Dallas Businessman Grateful for U.S. Air Strikes in Libya

A Dallas business owner born in Libya is more grateful than ever to his adopted country.

The events Libya are all-consuming for Mohamed Yousef, who owns USA Thrift. News in English from the Al-Jazeera television network plays on his laptop almost 24 hours per day.

"Even you're asleep, you wake up in the middle of the night and want to see what's happened in the last two or three hours, especially when Gadhafi was bombing," Yousef said. "You don't know what's happening; it changes hour by hour."

Seeing the uprising unfold has been hard to watch, he said. But when U.S. forces stepped in to help, he was grateful.
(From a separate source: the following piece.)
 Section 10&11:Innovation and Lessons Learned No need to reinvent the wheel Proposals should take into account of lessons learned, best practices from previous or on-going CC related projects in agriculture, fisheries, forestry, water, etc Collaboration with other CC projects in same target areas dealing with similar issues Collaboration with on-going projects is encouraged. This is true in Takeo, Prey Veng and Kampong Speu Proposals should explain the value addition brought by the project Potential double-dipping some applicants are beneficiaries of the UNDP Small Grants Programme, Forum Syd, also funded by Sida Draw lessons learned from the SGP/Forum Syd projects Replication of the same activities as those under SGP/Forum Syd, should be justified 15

"When you see people are dying and being just shelled, killed, bombed indiscriminantly, you need help," Yousef said. "You say, 'Somebody help me! Help me!' When somebody comes, that's worth everything in the world."
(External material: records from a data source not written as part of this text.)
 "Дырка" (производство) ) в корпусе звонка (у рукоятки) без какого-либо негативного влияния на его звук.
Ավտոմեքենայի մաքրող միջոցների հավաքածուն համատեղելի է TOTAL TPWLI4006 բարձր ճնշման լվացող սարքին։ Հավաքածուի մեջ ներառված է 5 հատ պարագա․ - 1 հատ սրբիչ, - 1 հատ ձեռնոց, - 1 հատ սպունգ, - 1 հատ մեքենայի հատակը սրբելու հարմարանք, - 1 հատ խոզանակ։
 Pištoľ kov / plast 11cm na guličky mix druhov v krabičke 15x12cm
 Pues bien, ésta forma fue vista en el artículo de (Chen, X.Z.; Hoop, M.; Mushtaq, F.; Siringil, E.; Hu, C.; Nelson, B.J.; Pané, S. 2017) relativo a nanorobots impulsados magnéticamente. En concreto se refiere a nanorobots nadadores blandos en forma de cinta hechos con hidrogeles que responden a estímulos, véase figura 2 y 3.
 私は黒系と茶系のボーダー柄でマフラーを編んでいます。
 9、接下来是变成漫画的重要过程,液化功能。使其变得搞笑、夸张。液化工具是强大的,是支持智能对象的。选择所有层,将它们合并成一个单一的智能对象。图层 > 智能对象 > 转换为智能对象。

Yousef came to the United States more than 30 years ago to get a college education. It was the last time he would see his mother, father, brothers and sister.
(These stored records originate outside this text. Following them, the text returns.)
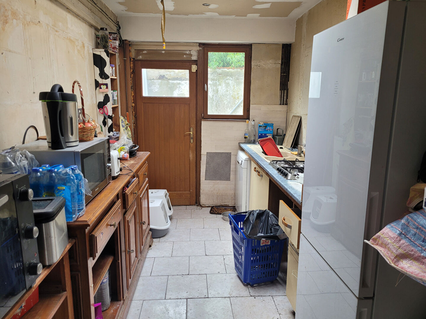 Dans une rue calme en sens unique maison offrant un séjour de plus de 30 M2, une cuisine et une salle de bains en rez-de-chaussée.
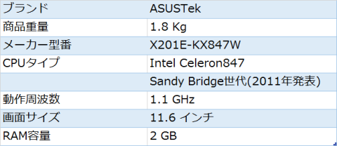 まずは、ノートPCのスペックです。紹介するのも恥ずかしい古さです。
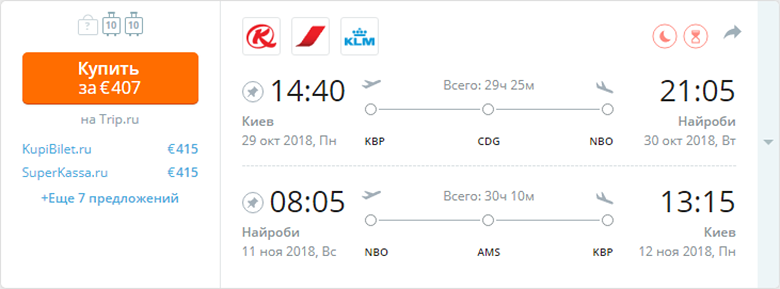 Київ – Найробі: 29 жовтня – 11 листопада 2018 року – 407 євро у два боки. Летіти через Париж, Шарль де Голль, зупинка займає 1 ніч (з 17 год до 11 год. наступного ранку). При перельоті назад пасажира чекає пересадка 3 год.
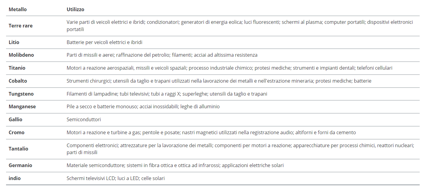 “Nell’elenco dei metalli/minerali minori figurano afnio, antimonio, arsenico, berillio, bismuto, cadmio, cobalto, cromo, gallio, germanio, indio, litio, magnesio, manganese, molibdeno, niobio (o columbio), renio, selenio, stronzio, tallio, tantalio, tellurio, titanio, tungsteno, vanadio, zircone e zirconio.
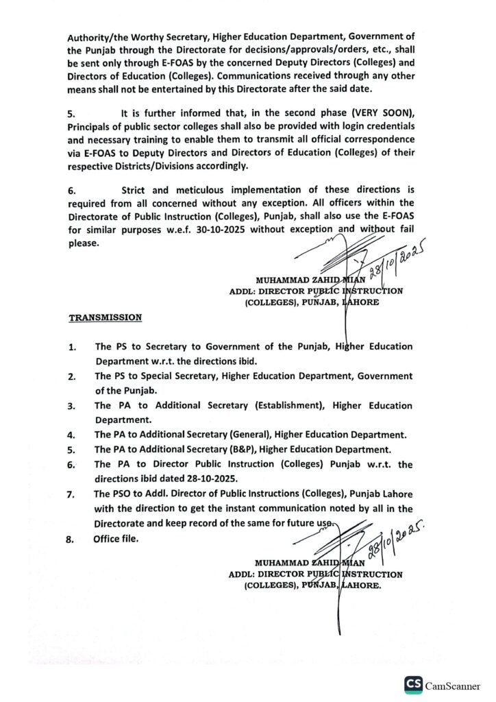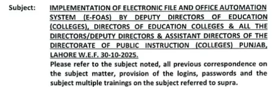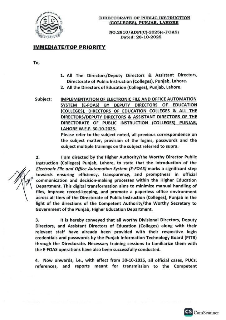 لاہور ( نمائندہ خصوصی) ڈائریکٹر پبلک انسٹرکشن پنجاب کے آفیس سے ایک خط ڈویژنل ڈائریکٹرز اور ڈپٹی ڈائریکٹرز کے نام جاری کیا گیا ہے جس کے مطابق کاغذوں اور پیپر فائلز کا کل آخری دن ہوگا پرسوں تیس اکتوبر 2025 سے پیپر لیس نظام اپنا کام شروع کر دے گا سسٹم جس کا نام ای- ایف او اے ایس کا نام دیا گیا ہے کے تحت دفاتر چلائے جائیں گے سارا دفتری عمل کمپوٹرائز اور خود کار ہوگا فایل اور کاغذات یکسر ختم کر کے یہ نیا سسٹم لایا جا رہا اس کے بارے میں کہا جا رہا ہے کہ کارکردگی بہتر ہوگی شفاف اور تیز رفتار ہو جائے گی تمام انتظامات مکمل کر لیے گئے ہیں ڈی پی آئی آفیس سمیت ڈویژنل ڈائریکٹرز ،ڈپٹی ڈائریکٹرز اور ان سے منسلک عملے کو تمام متعلقہ لاگ ان اور پاس ورڈ مہیا کر دئیے گئے ہیں
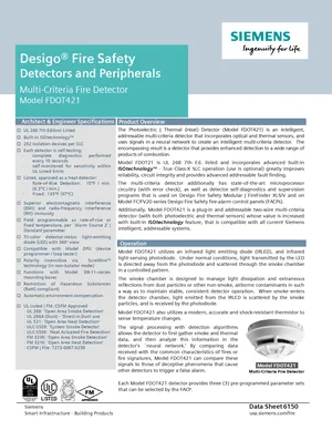 Datasheet for the Siemens FDOT421, published in 2022. Document No: 6150, Rev: 14. Model FDOT421. Detailed technical specifications, electrical ratings, and agency listings.
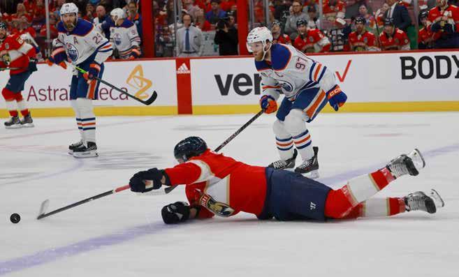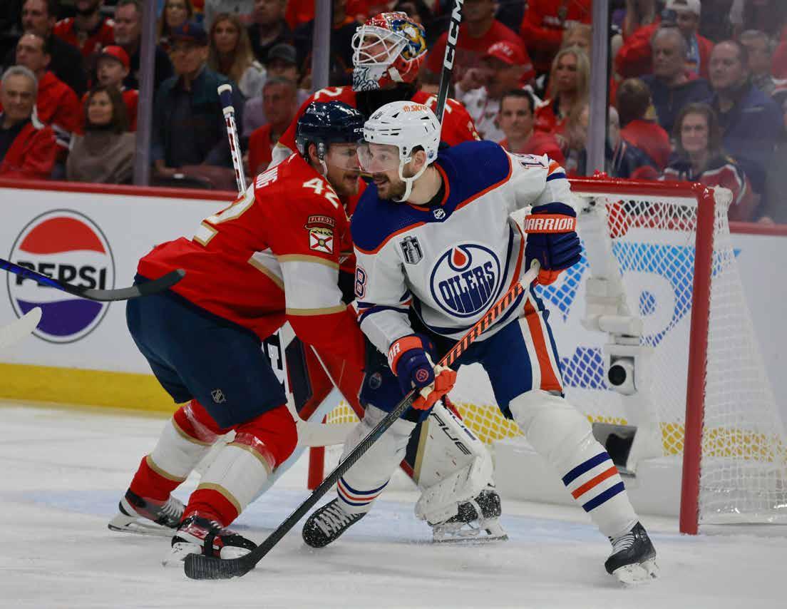OPPOSITE: Florida Panthers defenseman Gustav Forsling (42) goes up against Edmonton Oilers left wing Zach Hyman (18) in Game 1 of the 2024 Stanley Cup Final at Amerant Bank Arena in Sunrise on June 8, 2024. MIKE STOCKER / SUN SENTINEL

"When I got here, every year the situation got worse and worse, and it was not possible to go back there," he said.

Though he hasn't seen his family, he keeps in contact with them through phone calls, emails and Facebook.

Yousef said America welcomed him with open arms. He has lived more of his life in the United States than in Libya.

His sister lives in the Libyan capital, Tripoli, where the latest bombings have occured.

"They are doing fine," Yousef said. "Some of them are in Tripoli. They are just staying indoors. There are snipers everywhere, and everybody is scared."

Now that the revolution has begun, Yousef said he can only hope it ends soon and that his country builds a democratic goverment.

"And we set forth a system that really protects this freedom that we did not get cheaply," he said. "It was very, very expensive, the price that Libyans had to pay. I wish we did this 20 years ago."